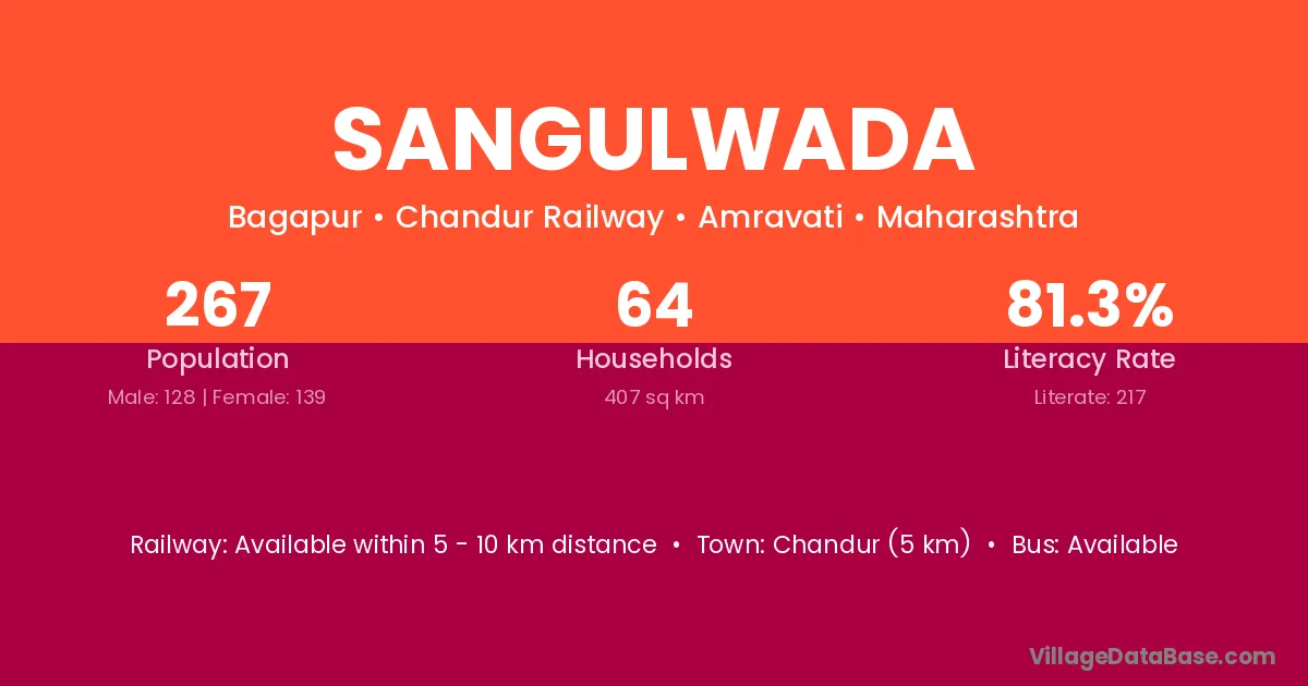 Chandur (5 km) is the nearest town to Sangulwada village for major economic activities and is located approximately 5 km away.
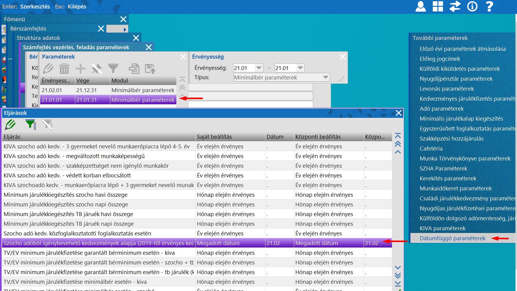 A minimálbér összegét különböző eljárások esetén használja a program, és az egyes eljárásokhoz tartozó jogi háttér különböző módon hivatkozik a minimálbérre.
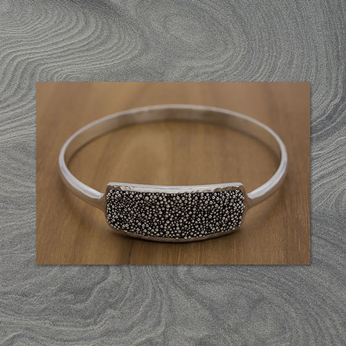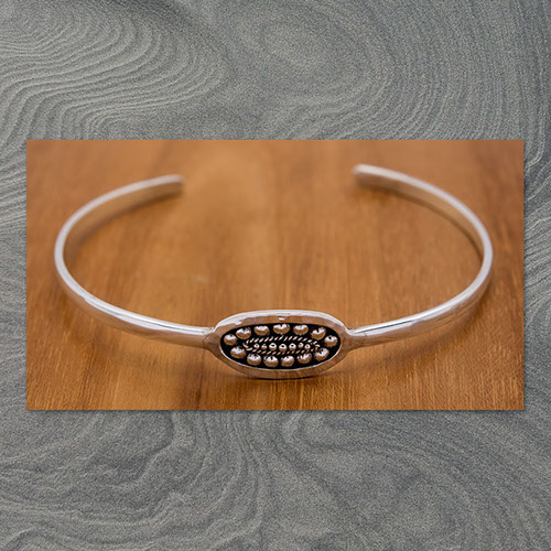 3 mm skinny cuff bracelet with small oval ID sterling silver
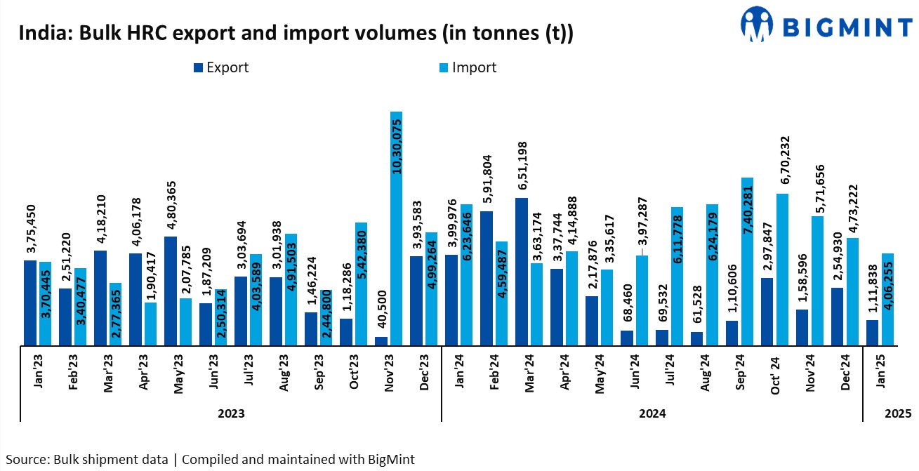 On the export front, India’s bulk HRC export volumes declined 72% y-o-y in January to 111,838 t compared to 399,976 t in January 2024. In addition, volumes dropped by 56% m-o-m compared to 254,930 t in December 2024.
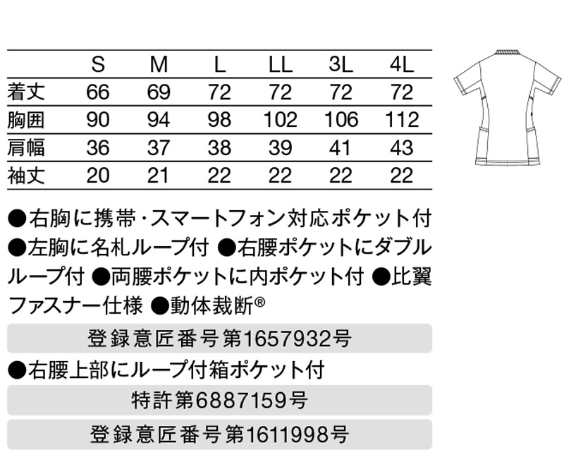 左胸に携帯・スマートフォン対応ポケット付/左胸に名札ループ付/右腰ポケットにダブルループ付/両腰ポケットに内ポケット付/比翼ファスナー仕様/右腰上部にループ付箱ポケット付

■ ■ ■

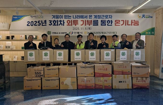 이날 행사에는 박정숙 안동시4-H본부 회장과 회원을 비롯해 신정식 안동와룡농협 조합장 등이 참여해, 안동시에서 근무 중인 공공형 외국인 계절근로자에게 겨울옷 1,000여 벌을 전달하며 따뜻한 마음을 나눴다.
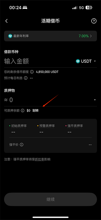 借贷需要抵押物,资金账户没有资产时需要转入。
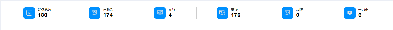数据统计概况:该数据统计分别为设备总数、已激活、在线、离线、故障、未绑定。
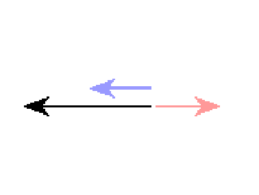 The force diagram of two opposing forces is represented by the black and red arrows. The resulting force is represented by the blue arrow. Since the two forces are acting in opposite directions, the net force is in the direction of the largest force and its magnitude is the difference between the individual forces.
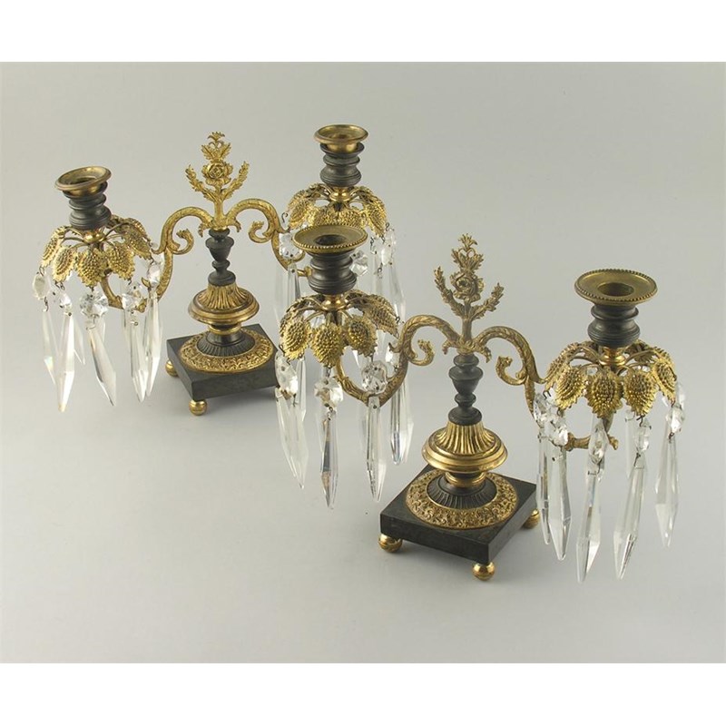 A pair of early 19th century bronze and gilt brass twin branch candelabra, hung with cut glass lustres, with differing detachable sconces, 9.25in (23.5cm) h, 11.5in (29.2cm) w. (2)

■ ■ ■

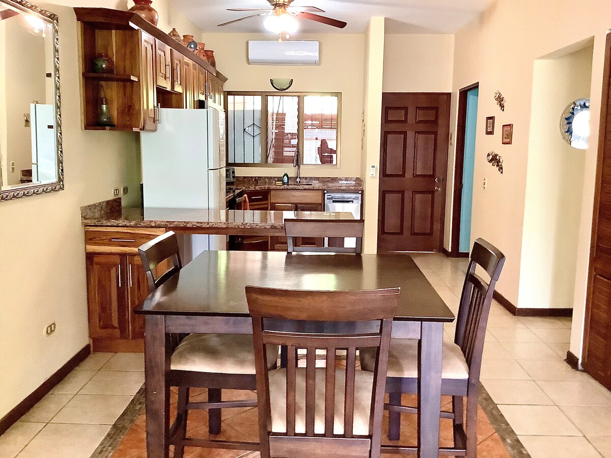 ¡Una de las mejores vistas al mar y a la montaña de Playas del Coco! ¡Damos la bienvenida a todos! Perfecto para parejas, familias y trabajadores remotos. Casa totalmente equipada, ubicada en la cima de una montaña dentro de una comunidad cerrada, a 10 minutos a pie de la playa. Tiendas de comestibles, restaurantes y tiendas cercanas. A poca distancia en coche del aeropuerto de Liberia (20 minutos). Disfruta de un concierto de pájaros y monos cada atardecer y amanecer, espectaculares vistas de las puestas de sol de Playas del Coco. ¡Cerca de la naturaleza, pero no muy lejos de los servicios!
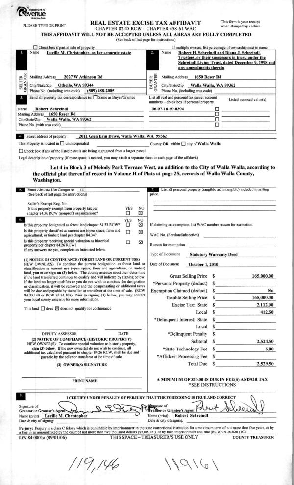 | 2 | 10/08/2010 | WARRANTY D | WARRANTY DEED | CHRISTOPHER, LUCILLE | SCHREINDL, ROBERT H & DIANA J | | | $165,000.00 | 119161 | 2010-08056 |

■ ■ ■

## Work item
In the records above, everything from the line with "3 mm skinny" down to the line with "左胸に携帯・スマートフォン対" is to be set down exactly, both ends included, with no pictures and no other lines.

## Written answer
 3 mm skinny cuff bracelet with small oval ID sterling silver
 On the export front, India’s bulk HRC export volumes declined 72% y-o-y in January to 111,838 t compared to 399,976 t in January 2024. In addition, volumes dropped by 56% m-o-m compared to 254,930 t in December 2024.
 左胸に携帯・スマートフォン対応ポケット付/左胸に名札ループ付/右腰ポケットにダブルループ付/両腰ポケットに内ポケット付/比翼ファスナー仕様/右腰上部にループ付箱ポケット付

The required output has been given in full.